Unmarked (The Legion 2) - Page 1

1. CAGED

Iron bars were the only things separating us.

He sat on the cell floor, leaning against the wall, in nothing but a pair of jeans. I glanced at the chain binding his wrists. With his head bowed, he looked exactly the same.

But he’s not.

I let my fingers curl around the wet bars. Several times a day, holy water rained down from the sprinklers in the ceiling. I fought the urge to unlock the door and let him out.

“Thanks for coming.” He hadn’t moved, but I knew he didn’t need to see me to sense my presence. “No one else will.”

“Everyone’s trying to figure this out. They don’t know what to do about—” The words caught in my throat.

“About me.” He rose from the floor and walked toward me—the bars separating us.

As he drew closer, I counted the links in the chain hanging between his wrists. Anything to keep from looking him in the eye. But instead of moving away, I gripped the bars tighter. He reached out and wrapped his hands around the metal above mine. Close but not touching.

“Don’t!” I shouted.

Steam rose from the cold-iron bars as the holy water seared his scarred skin. He held on too long, intentionally letting his palms burn.

“You shouldn’t be here,” he whispered. “It’s not safe.”

Hot tears ran down my cheeks. Every decision we’d made up to this point felt wrong: the chains coiled around his wrists, the cell doused in holy water, the bars keeping him caged like an animal.

“I know you’d never hurt me.”

The words had barely left my lips when Jared lunged at the bars. He grabbed at my throat and I jumped back, his cold fingers grazing my skin as I slipped out of reach.

“You’re wrong about that, little dove.” His voice was different, cruel and soulless.

Laughter echoed off the walls chills rippled through me.
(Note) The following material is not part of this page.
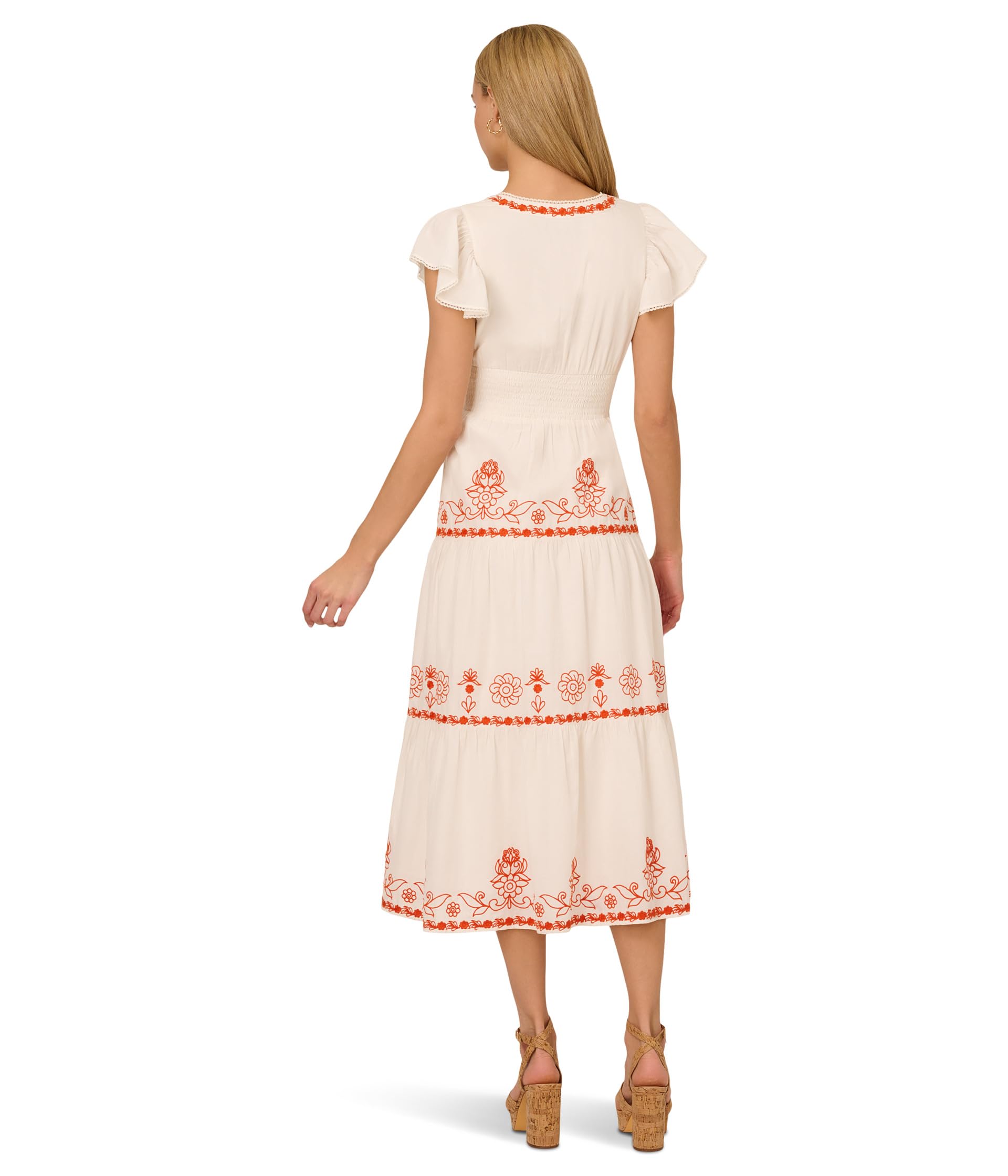 • Легкое, легкое и красиво оформленное длинное платье Adrianna Papell с запахом на талии изготовлено из хлопка, что делает его легким и дышащим для ношения в течение всего дня. Расклешенные рукава придают изделию шарм и подвижность, а эластичный пояс с манжетами обеспечивает облегающую посадку, столь же удобную, сколь и стильную. Это вышитое платье миди с V-образным вырезом, многоярусной юбкой и вышитыми деталями. Идеально подходящее для прогулок в теплую погоду или повседневных мероприятий, это платье сочетает в себе легкость и элегантность в едином вневременном дизайне.

I realized what everyone else had known all along.

The boy I knew was gone.

The one caged before me was a monster.

And I was the one who had to kill him.

NINE DAYS EARLIER

&nbs

p; 2. BLACK SKY

I’m standing in front of the burning building. Ash-covered bed sheets hang from the shattered windows, outside the rooms where people are still trapped. Inside, screams rise over the roaring flames, and my skin crawls.

I want to run through the wall of black smoke and save them, but I can’t move. My eyes drift down to my shaking hand, and I realize why.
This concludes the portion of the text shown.